[[ AVAILABLE DATA, beginning ]]

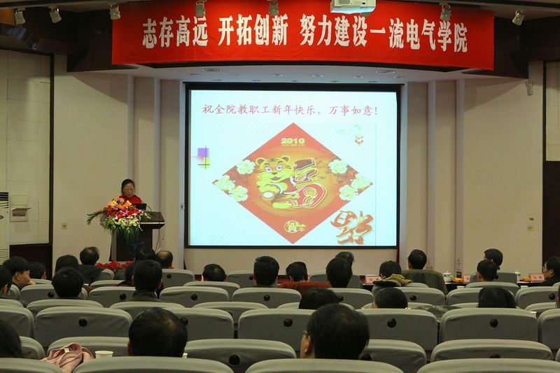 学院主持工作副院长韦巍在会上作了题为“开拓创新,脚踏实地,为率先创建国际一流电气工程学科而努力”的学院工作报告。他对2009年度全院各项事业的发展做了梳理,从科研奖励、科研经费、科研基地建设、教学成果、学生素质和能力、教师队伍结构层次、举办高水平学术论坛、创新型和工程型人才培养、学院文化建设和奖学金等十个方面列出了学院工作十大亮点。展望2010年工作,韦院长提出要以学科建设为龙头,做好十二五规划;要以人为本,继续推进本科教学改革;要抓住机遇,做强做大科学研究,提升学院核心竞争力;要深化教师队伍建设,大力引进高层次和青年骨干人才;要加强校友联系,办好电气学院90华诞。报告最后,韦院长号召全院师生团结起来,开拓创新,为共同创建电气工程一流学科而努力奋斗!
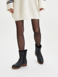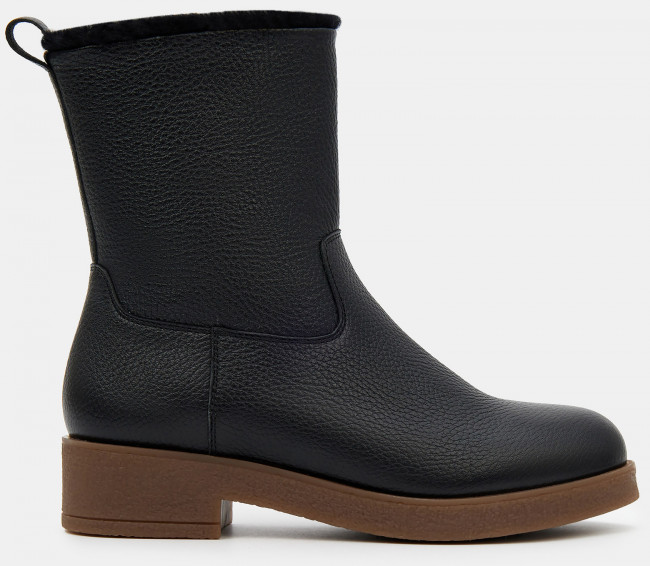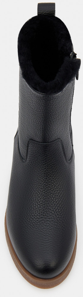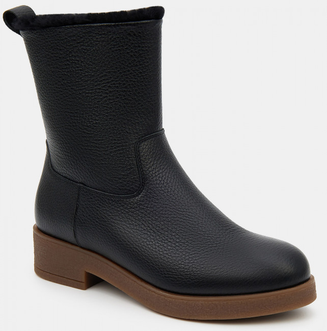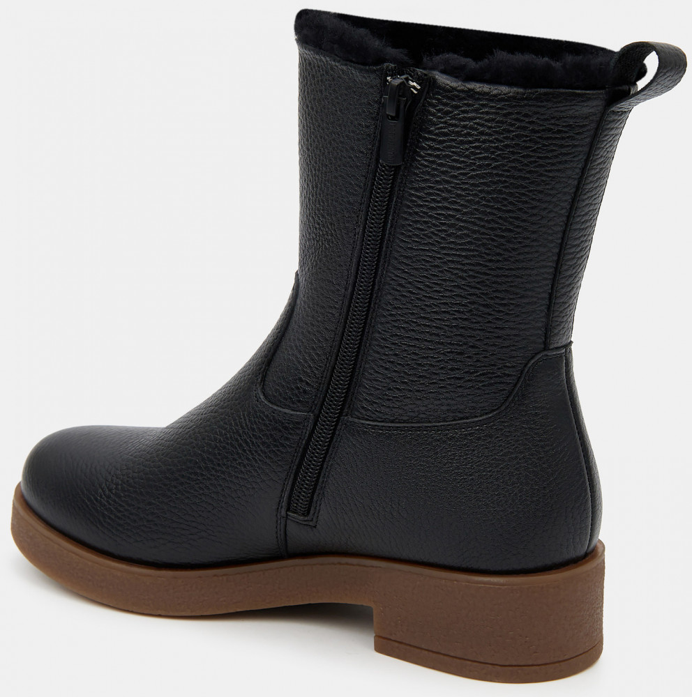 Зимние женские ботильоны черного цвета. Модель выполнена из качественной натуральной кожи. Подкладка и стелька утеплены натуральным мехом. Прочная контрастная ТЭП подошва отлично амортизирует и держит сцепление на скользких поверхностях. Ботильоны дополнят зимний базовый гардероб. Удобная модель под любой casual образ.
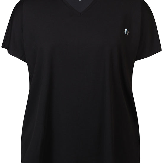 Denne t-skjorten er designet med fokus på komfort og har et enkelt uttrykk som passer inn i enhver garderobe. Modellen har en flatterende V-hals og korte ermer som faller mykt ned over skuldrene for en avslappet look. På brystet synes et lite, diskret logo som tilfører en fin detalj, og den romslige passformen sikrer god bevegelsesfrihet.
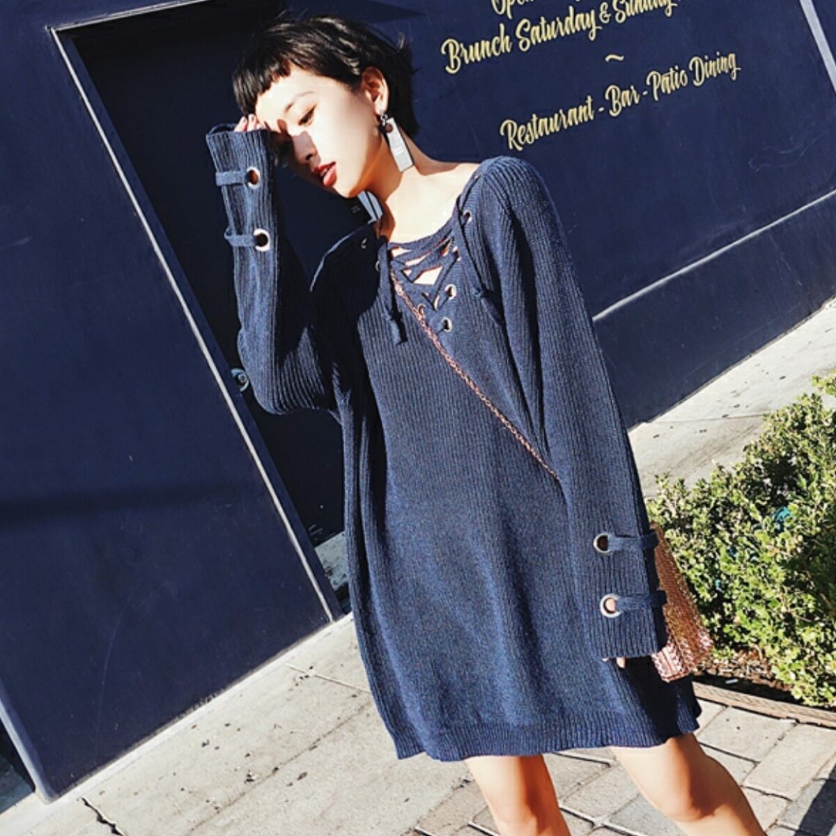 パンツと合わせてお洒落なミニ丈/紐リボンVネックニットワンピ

[[ AVAILABLE DATA, end ]]

Give the data again exactly as it appears, but without any images.

 学院主持工作副院长韦巍在会上作了题为“开拓创新,脚踏实地,为率先创建国际一流电气工程学科而努力”的学院工作报告。他对2009年度全院各项事业的发展做了梳理,从科研奖励、科研经费、科研基地建设、教学成果、学生素质和能力、教师队伍结构层次、举办高水平学术论坛、创新型和工程型人才培养、学院文化建设和奖学金等十个方面列出了学院工作十大亮点。展望2010年工作,韦院长提出要以学科建设为龙头,做好十二五规划;要以人为本,继续推进本科教学改革;要抓住机遇,做强做大科学研究,提升学院核心竞争力;要深化教师队伍建设,大力引进高层次和青年骨干人才;要加强校友联系,办好电气学院90华诞。报告最后,韦院长号召全院师生团结起来,开拓创新,为共同创建电气工程一流学科而努力奋斗!
 Зимние женские ботильоны черного цвета. Модель выполнена из качественной натуральной кожи. Подкладка и стелька утеплены натуральным мехом. Прочная контрастная ТЭП подошва отлично амортизирует и держит сцепление на скользких поверхностях. Ботильоны дополнят зимний базовый гардероб. Удобная модель под любой casual образ.
 Denne t-skjorten er designet med fokus på komfort og har et enkelt uttrykk som passer inn i enhver garderobe. Modellen har en flatterende V-hals og korte ermer som faller mykt ned over skuldrene for en avslappet look. På brystet synes et lite, diskret logo som tilfører en fin detalj, og den romslige passformen sikrer god bevegelsesfrihet.
 パンツと合わせてお洒落なミニ丈/紐リボンVネックニットワンピ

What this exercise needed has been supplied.